Dead in the Water (2001) from Tuna


Dead in the Water (2001) is a freshman effort at a thriller by Brazilian Gustavo Lipsztein (wrote, produced and directed). From the opening shot during the main titles, which is an absolutely fabulous harbor sunrise shot of Rio, I wanted to like this film. Several breathtaking scenery shots later, we see star Dominique Swain with her boyfriend in a clear, beautifully saturated scene. The premise was ok. Swain and her boyfriend are to go to their vacation home and work on their relationship, and their best friend is coming. Why? We never know. Her father insists she take the son of a rich Brazil business associate along and show him the ocean. So the four drive to the beach villa, and board a small cabin cruiser.

Swain and the boyfriend are having problems, the best friend really wants Swain, and Swain is not immune to the charms of the handsome Brazilian. At this point, what could have been a first rate romantic drama or comedy was turned into a terrible thriller. The boyfriend and his buddy go snorkeling, leaving Swain with the Brazilian. The two kiss, as much her idea as his, just as her boyfriend arrives back on the boat. The boyfriend knocks the Brazilian over-board, and drives off in the boat. When they finally return, the Brazilian is not to be found. It soon becomes every man (or woman) for himself, as they decide how to handle this death.


see the main commentary
At this point, I was still hoping for at least some real nudity, or a little more pace and excitement, but was disappointed on both accounts. Dominique does show most of one cheek as her ass tries to eat her bikini bottom, and the top of her breasts are visible as she bends forward, but no real nudity. In case the film looks appealing so far, it is time to stop reading, as the rest is a total spoiler. The boyfriend attempts suicide, then Dominique and the best friend decide the only way out of the predicament is to kill the boyfriend and blow up the boat. The best friend goes into the cabin and hits the despondent  boyfriend over the head with a fire extinguisher. Cut to boyfriend coming back on deck holding a knife in both hands, everything drenched in blood. Swain darts into the cabin, sees the best friend holding his intestines in, and oozing blood from the stomach, and says, "Are you ok?" This was so jarring that I had to pause the film to recover. After that, her strangling the best friend with a pillow, then kissing him, her stuffing a flare in a gas tank, jumping off the boat, and watching it explode when the engine starts, and the ending where, it seems the Brazilian is cavorting in a pool with a young woman who obviously rescued him from the water didn't even phase me.

DVD info from Amazon.

  • Widescreen anamorphic, 1.85:1

  • no meaningful features

The photography is stunning, and Swain's looks are almost their equal, but the story went terribly wrong. IMDB readers say 6.2 of 10 based on 9 voters. There is nearly nothing else on the net about it. It seems to have had a theatrical release in Brazil, or at least a premiere, but is, I think, straight to vid here.

The Critics Vote

  • no reviews on line

The People Vote ...

  • With their votes ... IMDB summary: IMDB readers say 6.2 of 10


IMDb guideline: 7.5 usually indicates a level of excellence, about like three and a half stars from the critics. 6.0 usually indicates lukewarm watchability, about like two and a half stars from the critics. The fives are generally not worthwhile unless they are really your kind of material, about like two stars from the critics. Films under five are generally awful even if you like that kind of film, equivalent to about one and a half stars from the critics or less, depending on just how far below five the rating is.

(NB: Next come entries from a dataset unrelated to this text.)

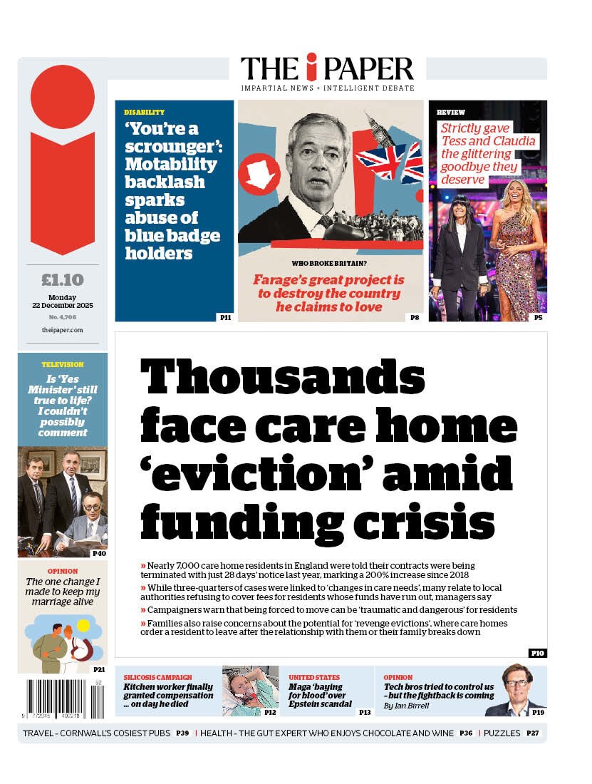 [Nearly 7,000 care home residents in England had their contracts terminated with 28 days' notice last year, with campaigners warning of forced moves being "traumatic and dangerous", The i Paper reports.]
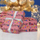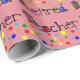 Le papier retiré d'emballage cadeau de professeur, multiple a coloré les mots qui indiquent simplement, "professeur retraité", avec le pois coloré lumineux.
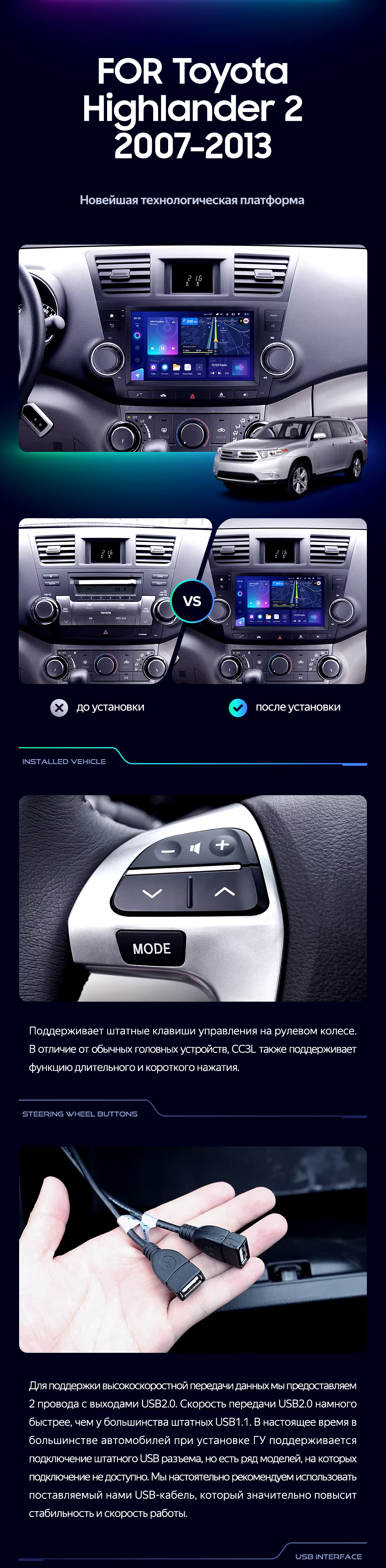 Штатная магнитола Teyes CC3L 4/32 Toyota Highlander 2 XU40 (2007-2013) F3 9" - купить всего за 30 900 руб. в интернет-магазине во Владимире Teyes.com.ru. ✓ Самый лучший выбор мультимедиа ✓ Лучшая замена штатному ГУ ✓ Тел. +7 (800) 775-31-74
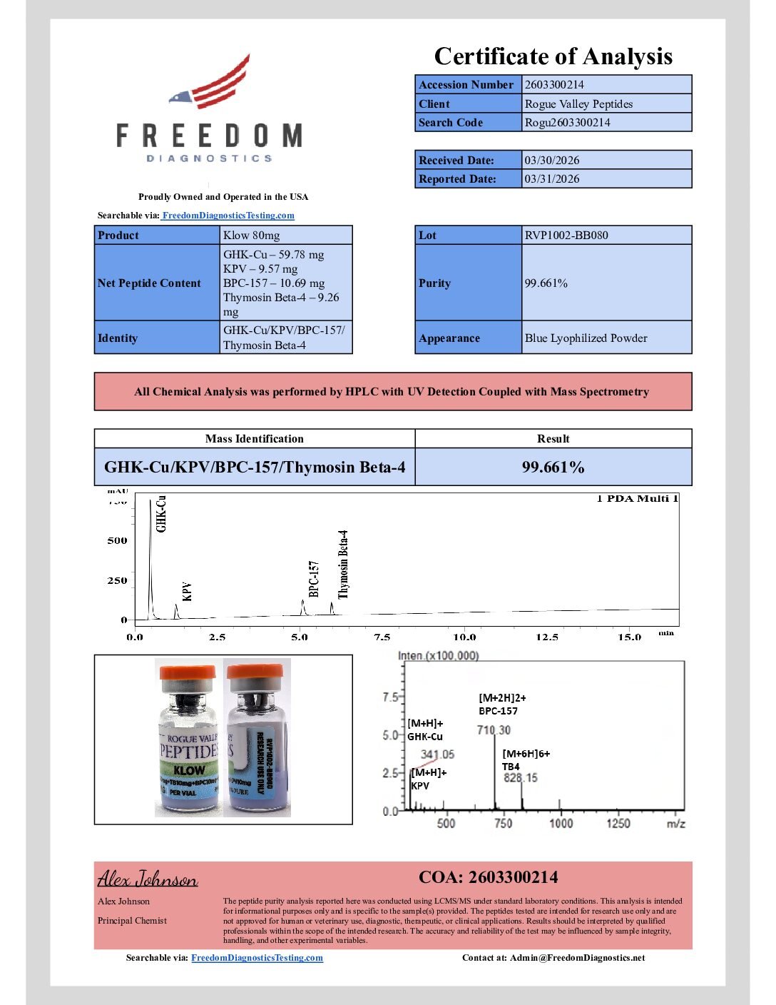 KLOW Blend: BPC-157 (10mg) / TB-500 (10mg) / GHKcu (50mg) / KPV (10mg)

My own guideline: A means the movie is so good it will appeal to you even if you hate the genre. B means the movie is not good enough to win you over if you hate the genre, but is good enough to do so if you have an open mind about this type of film. C means it will only appeal to genre addicts, and has no crossover appeal. D means you'll hate it even if you like the genre. E means that you'll hate it even if you love the genre. F means that the film is not only unappealing across-the-board, but technically inept as well.

Based on this description, this film is a D.  It looks fine, and the scenario had some potential, but even if you like thrillers, you will probably not care for this one.